[Records excerpted from a collection]
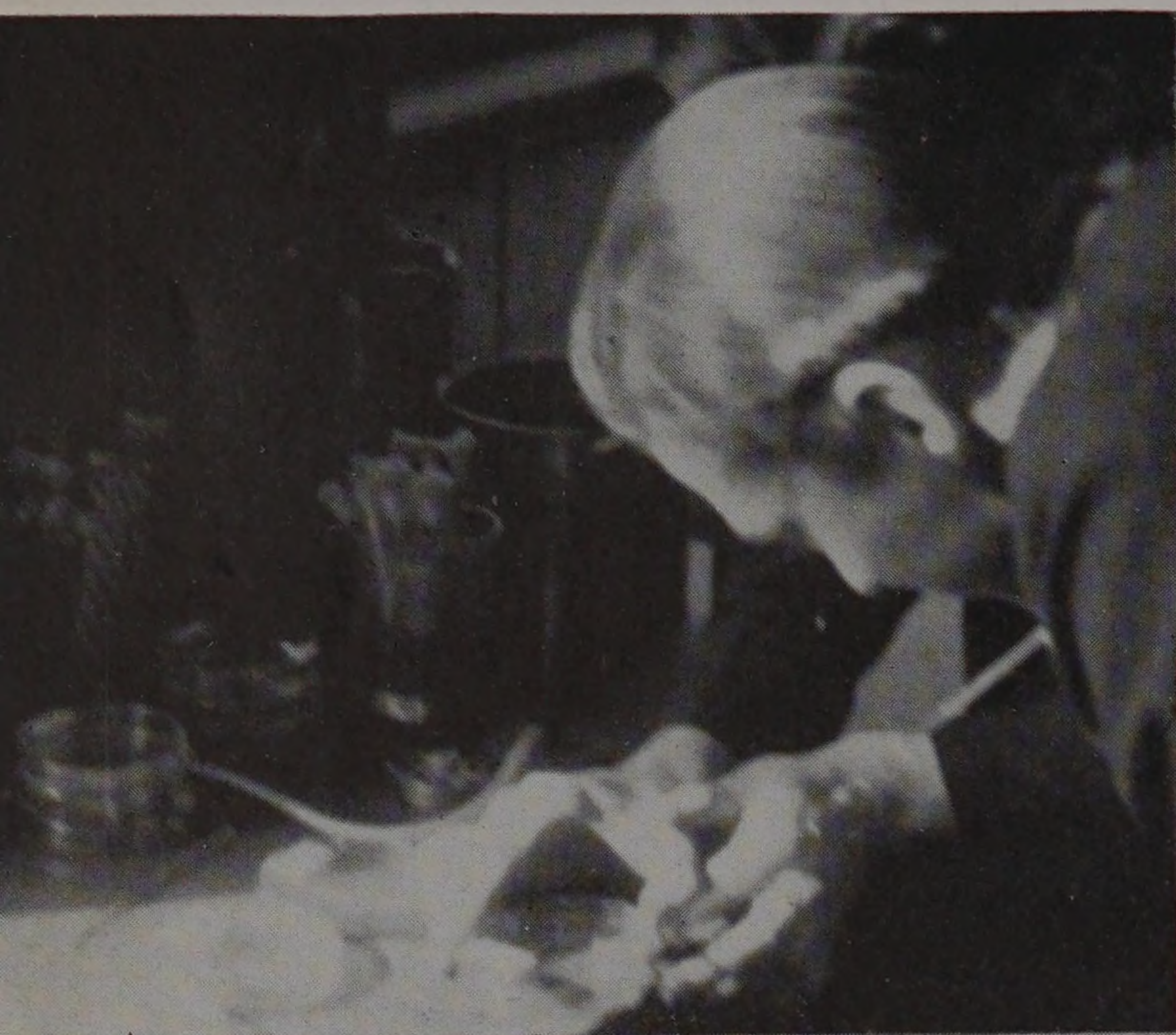
WONDER IF HE'S CALIBRATING THAT PETRIE DISH?
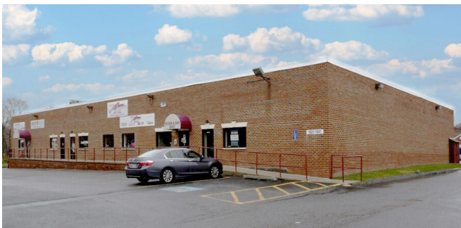
11601 Boiling Brook Place
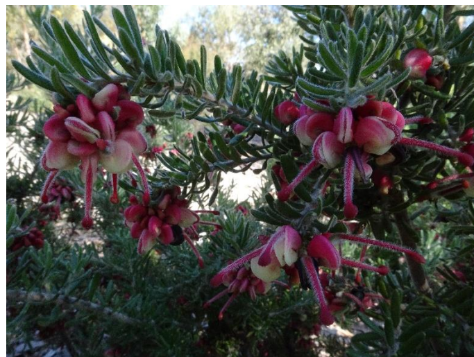
Grevillea lanigera , Woolly Grevillea. Named for its hairy branchlets and leaves. A woodland species.
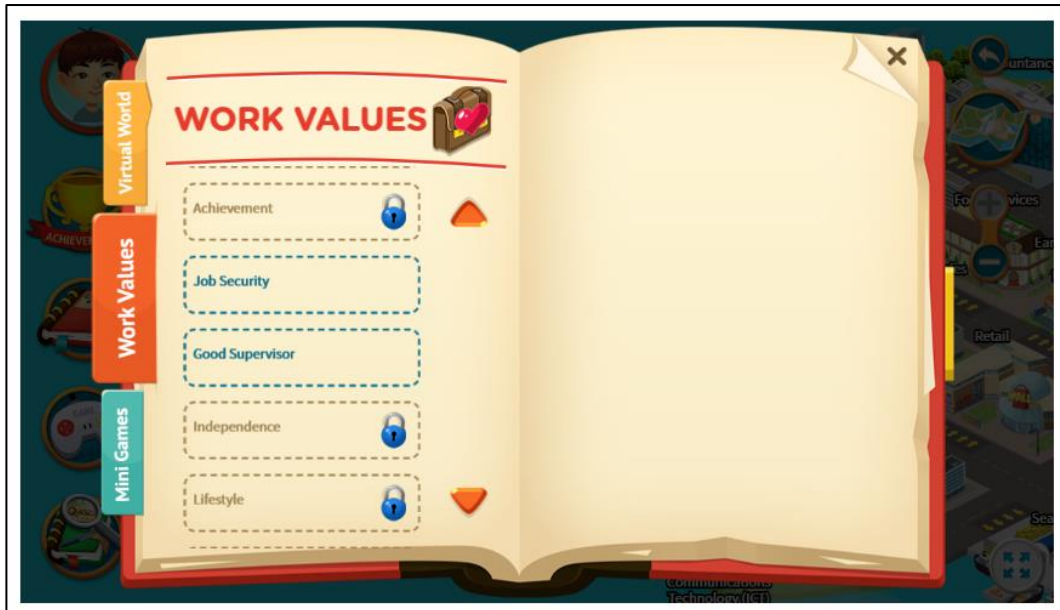
Figure 4-3: Work Values (Explorer Book)
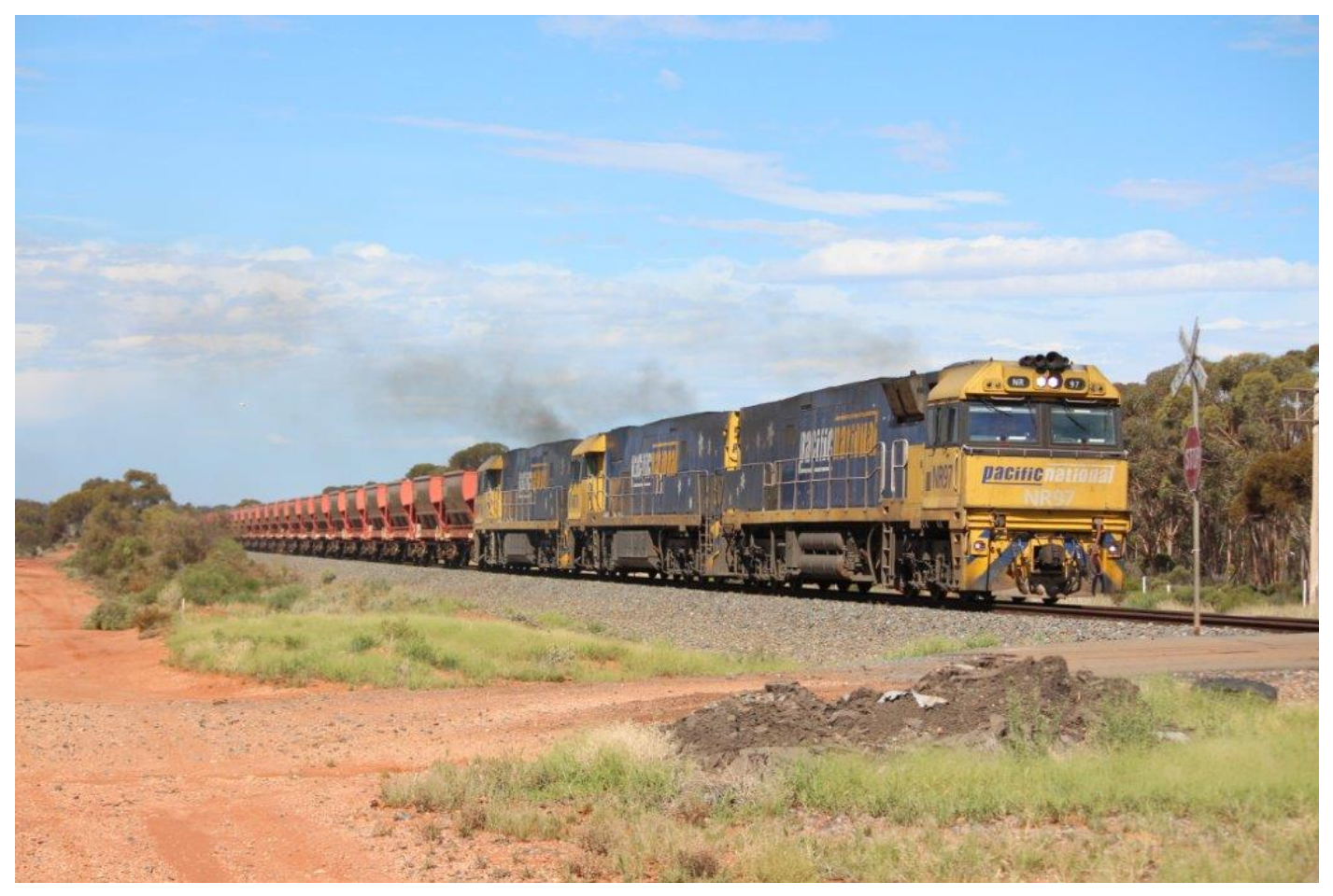
NRs 97, 78 & 117 accelerate away from Binduli on 1030 empty ore, 9<sup>th</sup> December.

**What you have to do**
Quote only the lines that start at the line holding "Figure 4-3: Work Values (Explorer Book)" and end at the last line of the entries, including both of those lines, and omit every picture.

**Answer to the exercise**
Figure 4-3: Work Values (Explorer Book)
NRs 97, 78 & 117 accelerate away from Binduli on 1030 empty ore, 9<sup>th</sup> December.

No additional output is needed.